Die Aufnahmen des Detektives sind für die Haftpflichtversicherung der Beweis, dass Frau X eine Versicherungsbetrügerin ist. Sie sei faul, denn sie mache ja viele Pausen.
Die Folge: Taggeld, Schmerzensgeld, Therapie werden ohne Rücksprache mit dem Arzt sofort gestrichen!



  • Mit dem neuen Versicherungsgesetz kann Versicherungbetrug effizient aufgedeckt werden!
    NEIN!
    Observationen sind für kriminelle Aktivitäten meist das falsche Mittel. Es gibt effektivere Alternativen, um Versicherungsbetrug aufzudecken (mehr dazu im Kapitel *Mehr*).
  • Mit verdeckten Foto- und Filmaufnahmen aus dem Alltag kann gut aufgezeigt werden, ob jemand wieder arbeitsfähig ist!
    NEIN!
    Es gibt Krankheiten und Einschränkungen, die nicht auf einem zeitlich begrenzten Film oder Foto sichtbar gemacht werden können. Die Symptome sind schwankend und auch oft nicht von aussen sichtbar (zum Beispiel Antriebslosigkeit bei einer psychischen Erkrankung, Konzentrationsstörungen nach einer Hirnverletzung, Schmerz, Sensibilitätsstörungen).
  • Das Überwachungsgesetz wird nur Menschen treffen, die unehrlich sind und Versicherungen betrügen.
    NEIN!
    Mindestens die Hälfte der Fälle wird bereits heute unbegründet überwacht. Bei vielen Fällen, denen aufgrund von Observationsmaterial die Versicherungsleistungen gestrichen wurden, hat sich später (vor Bundesgericht) gezeigt, dass die Kürzung der Leistungen aufgrund des Observationsmaterials nicht gerechtfertigt war. Kranke oder behinderte Menschen haben aber oft nicht die Kraft und Energie, um für die ihnen zustehenden Versicherungsleistungen bis vor Gericht zu kämpfen.
  • Mit dem neuen Überwachungsgesetz können Versicherungsausgaben gespart werden, welche den Ehrlichen zugutekommen.
    Nein!
    Wenn Menschen Angst haben, dass ihr aktiv Sein als Versicherungsbetrug interpretiert werden kann, werden sie im Alltag weniger aktiv sein. Damit werden Rehabilitation und die Rückkehr zur Arbeit erschwert. Aktiv Sein trägt wesentlich zum Wohlbefinden und somit zur Gesundheit bei. Angst und Stress verlangsamen den Genesungsprozess.

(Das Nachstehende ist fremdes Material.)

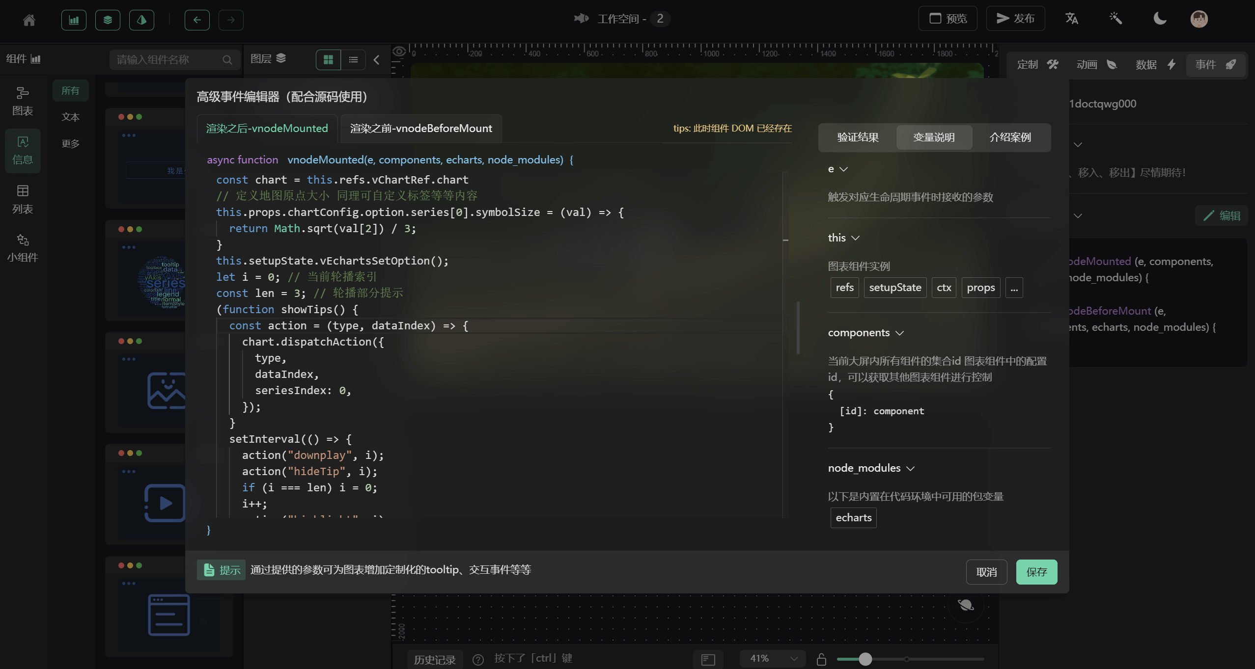 由 芋道 与 GoView 共同建设,基于 Vue3 搭建的低代码数据可视化开发平台,将图表或页面元素封装为基础组件,无需编写代码即可完成业务需求。
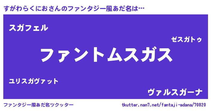 | 男性向けラノベタイトル風あだ名 | 『すがわらくにおに滅ぼされるだけの簡単なお仕事です』 |
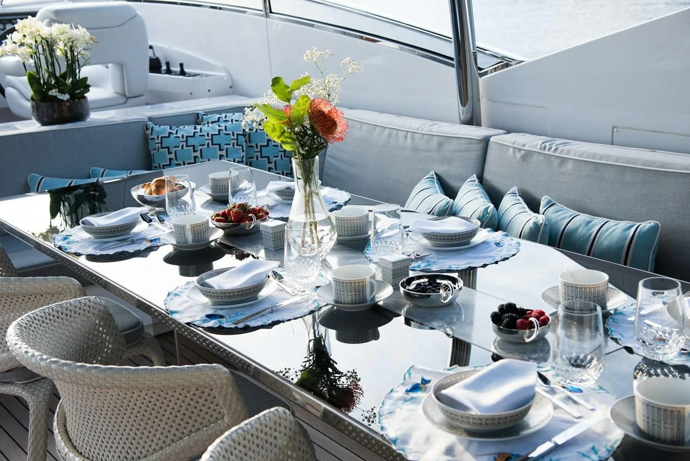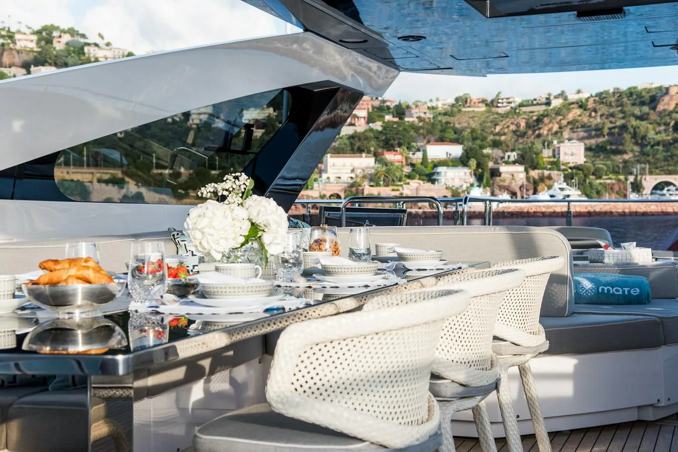 The interior is in elegant tones of cream with dark accents for a contemporary, warm and welcoming ambience. Soulmate remains fresh with an extensive upholstery and soft furnishing update by Sabrina Monte Carlo and continuous maintenance each winter.
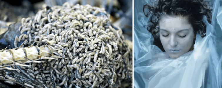После смерти человека разлагающееся тело начинает привлекать определённых насекомых. Судебные энтомологи могут определить время и причину смерти, основываясь на стадиях развития личинок, поведении насекомых и многом другом.

  • Schmerzen sind medizinisch absehbar. So weiss man auch, wer simuliert.
    Nein!
    Medizinisch gesehen gibt es keinen beweisbaren Zusammenhang zwischen dem Grad einer Verletzung/Krankheit und der vom Patienten gespürten Intensität des Schmerzes.
    Ein ganz aktueller Artikel aus dem Journal of Pain zeigt eindrücklich auf, dass die medizinischen Tests, die heute verwendet werden, um «Simulanten» (engl. malingerer) von «echten Schmerz-Patienten» zu unterscheiden, dem Fortschritt in der Schmerzforschung und dem heutigen Wissensstand zu Schmerz und Schmerzentstehung nicht entsprechen! Hier eine übersetzte Zusammenfassung des Artikels.


Wenn wegen des minimalen Anteils von Missbrauchsfälle alle von Krankheit, Behinderung oder Einschränkungen Betroffene und zufällig danebenstehende andere ohne Persönlichkeitsschutz observiert und eingeschüchtert werden können, ist das 

  • unethisch
  • ungerecht
  • kostentreibend.

Auf den folgenden Seiten finden Sie Hintergrundmaterial, und Sie können sich an einer Diskussion oder einer anonymen Umfrage beteiligen.

Aber noch wichtiger:


Stimmen Sie am 25.11.2018 gegen dieses Gesetz!